Qu’est-ce qui vous a donné l’idée de ce vrai-faux biopic du saxophoniste
français Barney Wilen, qui mêle des faits vrais avec de la pure fiction –
Francis Marmande parle d’« un rêve » qui le « célèbre » mais « ne le raconte
jamais » ?
Loustal : Au départ, le projet appartient totalement à Paringaux. Outre
l’écriture, superbe, j’y ai vu une histoire noire sur le thème « Ascension
et chute d’un petit
génie. » Je n’étais pas du tout féru de jazz, qui m’évoquait surtout des
musiques de film. J’étais intéressé par l’esthétique jazz des années 50,
reflétée dans les pochettes de disques. J’ai aussi beaucoup consulté la
revue Mon film, des romans-photos reprenant les images d’un film en entier,
en l’occurrence, ceux qui m’ont servi, Les Tricheurs de Carné et Les
liaisons dangereuses de Vadim. L’album a été bien accueilli, et il a relancé
la carrière de Barney Wilen qui était un peu oublié. Dans la foulée, il a
enregistré avec succès un disque, La Note Bleue, une sorte de B.O.
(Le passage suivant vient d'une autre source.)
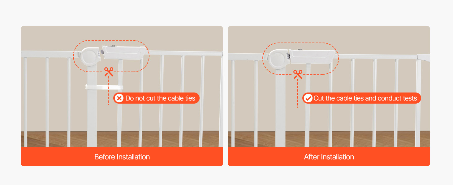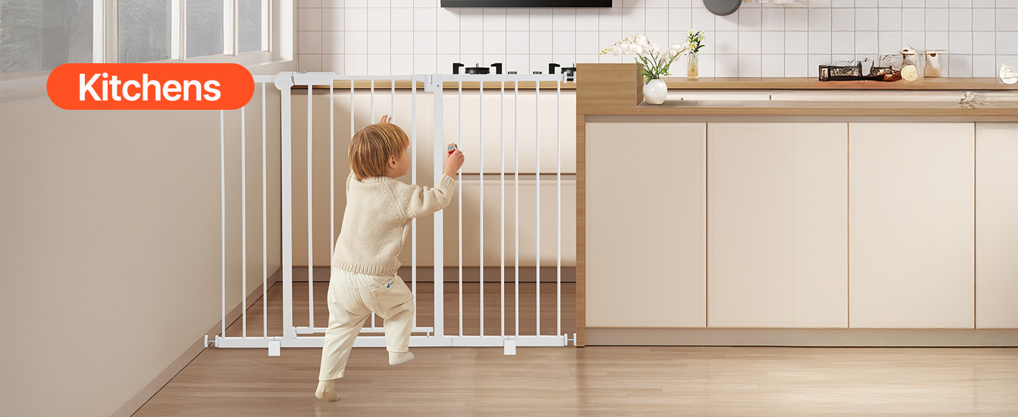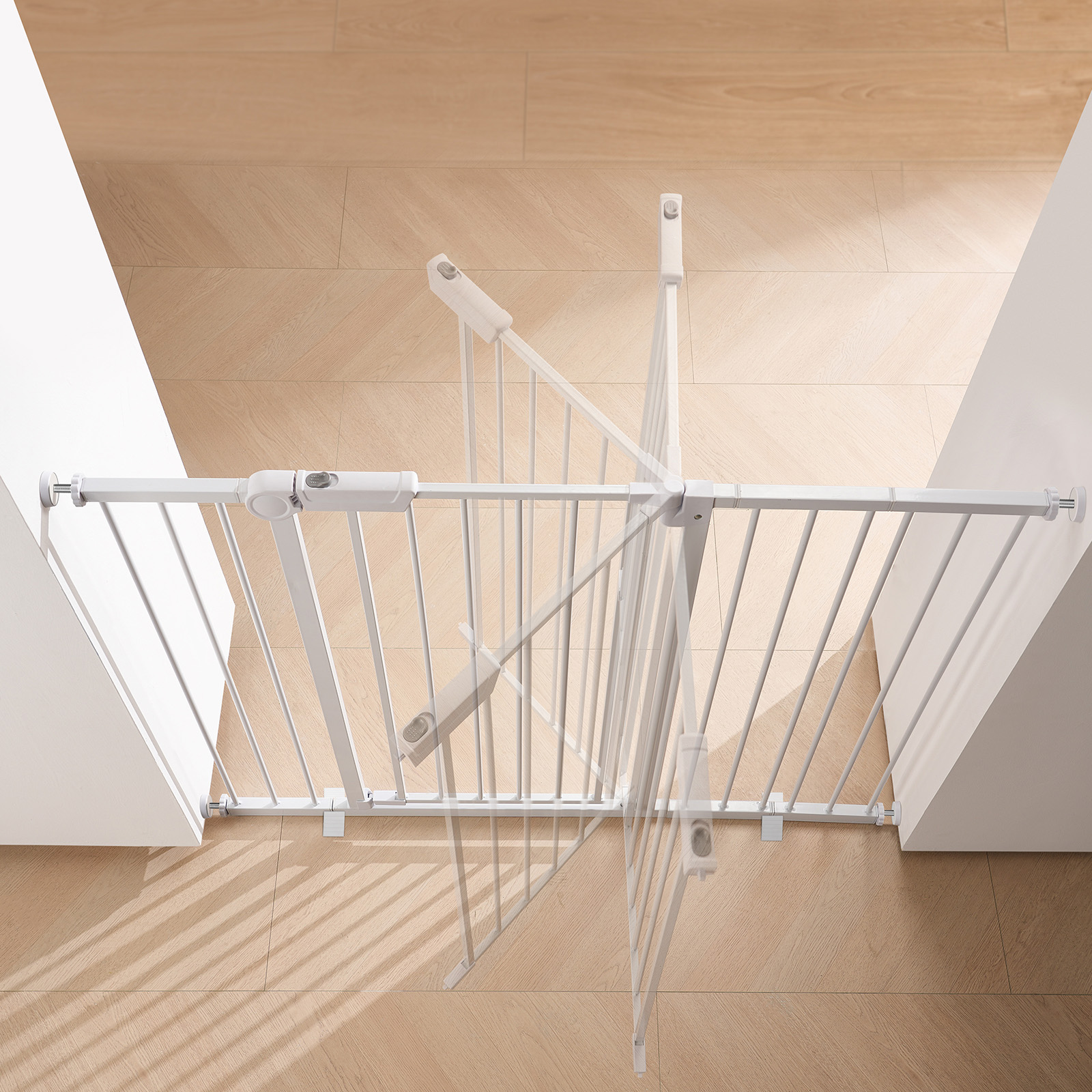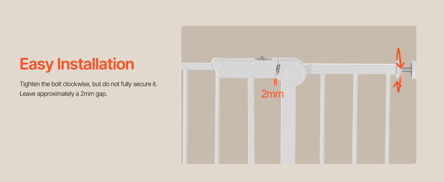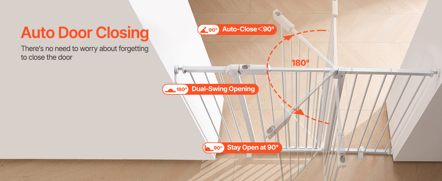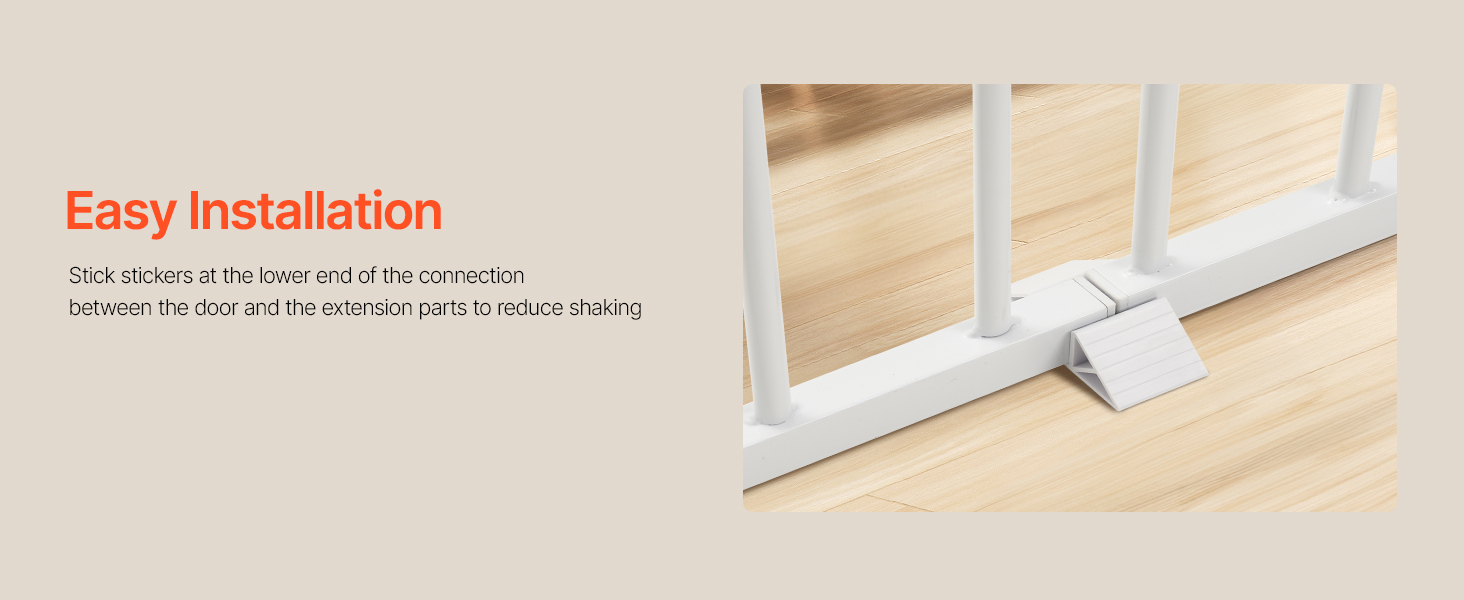 The unique dual-lock system is simple to operate yet difficult for babies to open, avoiding them from accidentally opening the pet gate and entering unsafe areas when unsupervised.

directement inspirée par les treize séquences de l’album. Cela a donné lieu,
ensuite, pendant quelques temps, à une série de concerts couplés avec
l’exposition des planches et des dédicaces du livre. Jusqu'au jour où sans
explication, il a préféré mettre un terme à cette association
concert-exposition. Ce n’était pas quelqu'un de vraiment facile, un taiseux…
En trente ans, votre style a évidemment évolué. Y a-t-il des albums que vous
avez envisagé de « revisiter » ?
Loustal : Je referais volontiers le dessin de Coeurs de sable (1985). Il y a
cinq ou six ans, j’avais proposé à Paringaux un remake de l’histoire courte
intitulée La nuit de l’alligator, qui figure dans l’album du même nom.
C’était comme un court-métrage où je voyais le potentiel d’un long. J’avais
envie de me confronter à une imagerie que j’avais un peu négligée, et qui
m’évoquait les romans de Faulkner sur le sud des États- Unis, ou un film
comme Key Largo de John Huston. J’imaginais l’équivalent de mouvements lents
de caméra, un rythme plus contemplatif qui convenait très bien à l’histoire.
À ce jour, le projet n’a pas abouti.